1Department of Environmental Science & Engineering, Gwangju Institute of Science & Technology, Republic of Korea
2Department of Atmospheric Sciences, Yonsei University, Republic of Korea
3Science Systems and Applications, Inc., NASA Langley Research Center, Hampton, Virginia, USA
4Department of Satellite Geoinformatics Engineering, Kyungil University, Republic of Korea
5Korea Polar Research Institute, Republic of Korea
6Applied Meteorology Research Lab. National Institute of Meteorological Research
Abstract. The diurnal patterns in pollen vertical distributions in the lower troposphere were investigated by the LIDAR remote sensing technique. Meteorological and pollen concentration data was measured at the surface using a Burkard 7 day recording volumetric spore sampler. An aerosol extinction coefficient and depolarization ratio of 532 nm was obtained from LIDAR measurements in spring (4 May–2 June) 2009 in Gwagnju, Korea. Depolarization ratios from 0.08 to 0.14 were observed only in daytime (09:00–17:00 local time (LT)) during high pollen concentration days from 4 to 9 May.

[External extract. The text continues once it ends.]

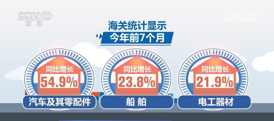 海關(guān)統(tǒng)計(jì)顯示,今年前7個(gè)月,我國(guó)機(jī)電產(chǎn)品出口占比提升,汽車(chē)及其零配件、船舶、電工器材同比分別增長(zhǎng)54.9%、23.8%、21.9%。

Vertical distributions in the depolarization ratio with time showed a specific diurnal pattern. Depolarization ratios, which varied from 0.08 to 0.14, were measured near the surface in the morning. High depolarization ratios were detected even up to 2.0 km between 12:00 and 14:00 LT but subsequently were observed only close to the surface after 17:00 LT. Low values of depolarization ratios (≤ 0.05) were detected after 18:00 LT until next morning. During the measurement period, the daily variations in the high depolarization ratios close to the surface showed good agreement with those in surface pollen concentrations, which implies that high depolarization ratios can be attributed to high pollen concentrations. The diurnal characteristics in high values of depolarization ratios were closely associated with turbulent transport, which can be caused by increasing temperature and wind speed and decreasing relative humidity. Continuously measured diurnal and vertical characteristics of pollen data can be further used to enhance the accuracy of the pollen-forecasting model via data assimilation studies.